To test conda install use:

```shell
conda -V
```

Next, make a virtual environment:

```shell
conda create -n batch_venv python=3.12.4
source activate batch_venv
```

Install the required packages:

```shell
pip install f9columnar
pip install torch --index-url https://download.pytorch.org/whl/cpu
```

In order to make this environment portable use [conda-pack](https://conda.github.io/conda-pack/):

```shell
conda install conda-pack
conda pack
conda deactivate
```

On remote machine unpack the environment:

```shell
tar -xzf batch_venv.tar.gz
source batch_venv/bin/activate
conda-unpack
```

### dCache

Basic instructions can be found [here](https://doc.sling.si/en/navodila/podatki/).

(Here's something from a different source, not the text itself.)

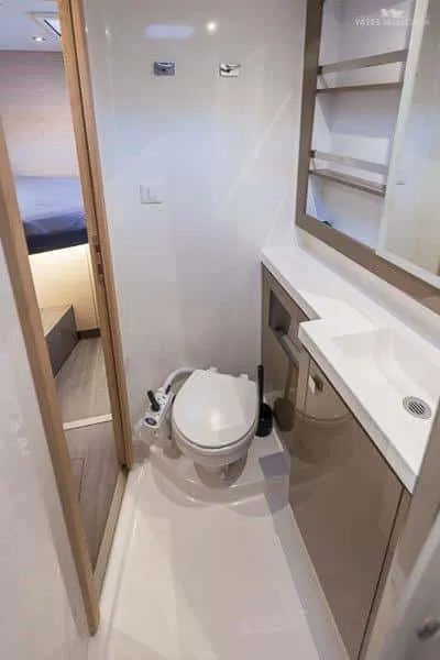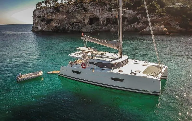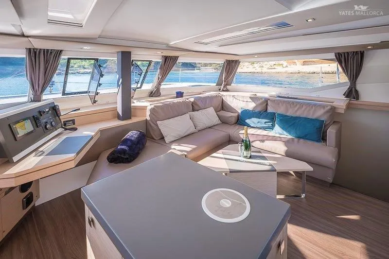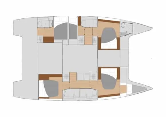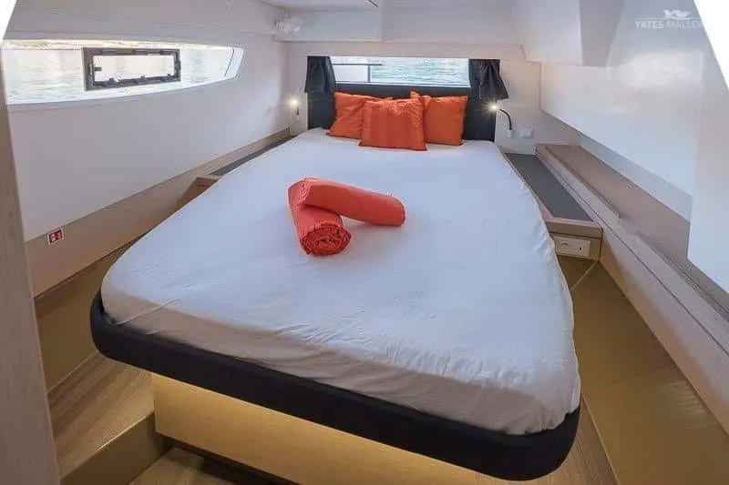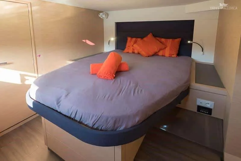 Bei uns im Charter ab/bis Palma de Mallorca fährt dieser Fountaine Pajot Saona 47 in der 5 Kabinen und 5 Bädern Version. In 4 Doppelkabinen und 1 Stockbettenkabine jeweils mit eigenem Bad ist bequem Platz für 10 Personen. Im Vorpiek befindet sich außerdem eine Skipperkabine, die Dank zusätzlicher Verbindungstür zur Bugkabine auch gern als Kinderkabine genutzt wird.

To upload the above described venv to dCache use:

```shell
arccp batch_venv.tar davs://dcache.sling.si:2880/atlas/jang/
```

where you can make your own directory with `arcmkdir`.

### lxplus venv setup

Log into lxplus:
```shell
ssh <name>@lxplus.cern.ch
```

Since we want custom python packages and installing on `afs` is not recommended, we will use `eos`:
```shell
cd /eos/user/j/jgavrano
```

Source an LCG release to use as base:
```shell
setupATLAS
lsetup "views LCG_105b x86_64-el9-gcc13-opt"
```

Setup `venv` and install required packages from `requirements`:
```shell
PYTHONUSERBASE=/eos/user/j/jgavrano/F9Columnar/ pip3 install --user --no-cache-dir -r requirements.txt
```

Test with libraries in `eos`:
```shell
PYTHONPATH=/eos/user/j/jgavrano/F9Columnar/lib/python3.9/site-packages/:$PYTHONPATH python3 <script_name>.py
```

Setup python with custom `venv`:
```shell
export PYTHONPATH=/eos/user/j/jgavrano/F9Columnar/lib/python3.9/site-packages/:$PYTHONPATH
```

To make it public go to cernbox website and share it with `atlas-current-physicists`.